4. The first Respondent has, however, issued a Press Release dated 15.07.2020 purporting to classify alcohol-based hand sanitisers, which would include hand sanitisers that the Petitioner deals in as “disinfectants”, thereby attracting a GST rate of 18%. This press release issued by the Ministry of Finance, Union of India, is in Exhibit B (page 124) of this petition.
5. Based upon the above Press Release, the second Respondent issued a show cause notice cum demand notice dated 17.04.2023 requiring the Petitioner to show cause why the differential tax/duties along with interest and penalties be not recovered from the Petitioner alleging alcohol-based hand rubs/sanitisers and antiseptics were not “medicaments” but were “disinfectants” exigible to tax at the rate of 18% per annum.
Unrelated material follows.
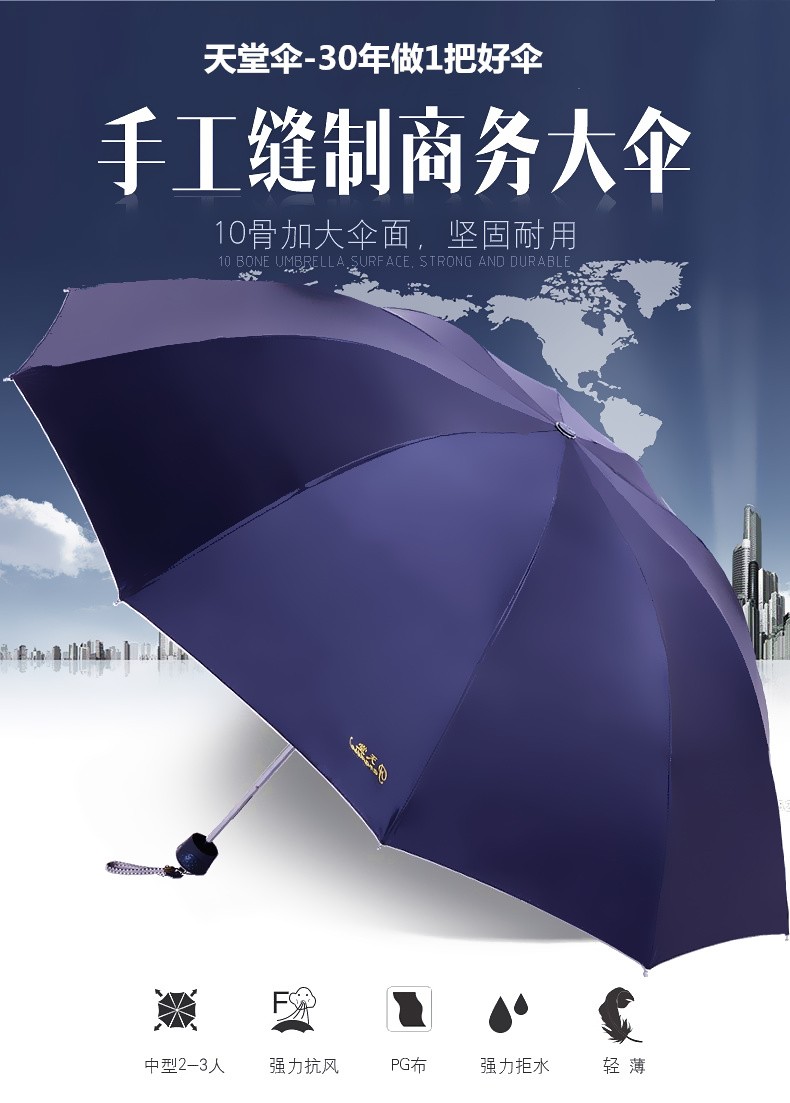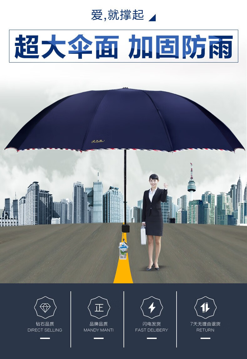 天堂伞大号超大雨伞男女三人双人晴雨两用学生折叠黑胶防晒遮阳伞 岩石蓝(10骨超大伞) 自营

6. The Petitioner has paid the differential duty under the protest and, after that, instituted this petition to challenge the impugned Press Release dated 15.07.2020 and the impugned show cause notice cum demand notice dated 17.04.2023.
PETITIOENR’S CONTENTIONS
7. Mr Raichandani, learned counsel for the Petitioner, submitted that the impugned Press Release was without authority of law and, in any event, was manifestly arbitrary. He submitted that the issue of whether the products the Petitioner was dealing with constituted “medicaments” or “disinfectants” was an issue to be adjudicated by judicial and quasi-judicial authorities and not by the first Respondent purporting to exercise its executive powers. The impugned Press Release, assuming it is indeed relatable to Article 73 of the Constitution as was alleged, transgresses the limits imposed by the doctrine of separation of powers. He submitted that the impugned Press Release has the tendency to foreclose fair adjudication by adjudicating authority in the discharge of their judicial and quasi-judicial functions. Mr Raichandani, learned counsel, relied on Parle Agro Pvt. Ltd. Vs Union of India1, Association of Technical Textiles Manufacturers and Processors Vs Union of India,2 and Phonographic Performance Limited Vs State of Goa and ors.3 in support of his above contentions.
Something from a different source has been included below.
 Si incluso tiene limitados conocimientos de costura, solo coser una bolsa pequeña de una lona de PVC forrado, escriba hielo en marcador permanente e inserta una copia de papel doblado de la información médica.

8. Mr Raichandani referred to the clarification issued by the Directorate General of Health Services, Government of India, on 21.09.2020 regarding hand sanitisers for external use being covered under the definition of “Drug” as per Drugs and Cosmetics Act, 1940 and that such products cannot be classified as disinfectant or cosmetic. He submitted that two departments of the Union of India should not be allowed to take up contradictory pleas, and the impugned Press Release and the impugned show cause notice cum demand notice issued based thereon are, therefore liable to be set aside.
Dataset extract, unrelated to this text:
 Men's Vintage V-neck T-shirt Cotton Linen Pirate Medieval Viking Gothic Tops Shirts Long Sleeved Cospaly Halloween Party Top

9. Mr Raichandani also referred to the Notification dated 27.07.2020 issued by the Ministry of Health and Family Welfare accepting that hand sanitisers are drugs under the Drugs and Cosmetics Act and therefore exempted from the requirement of a license for the sale of such hand sanitisers. He submitted that this was on the premise that the hand sanitisers are “medicaments” and, therefore, classifiable under HSN 3004.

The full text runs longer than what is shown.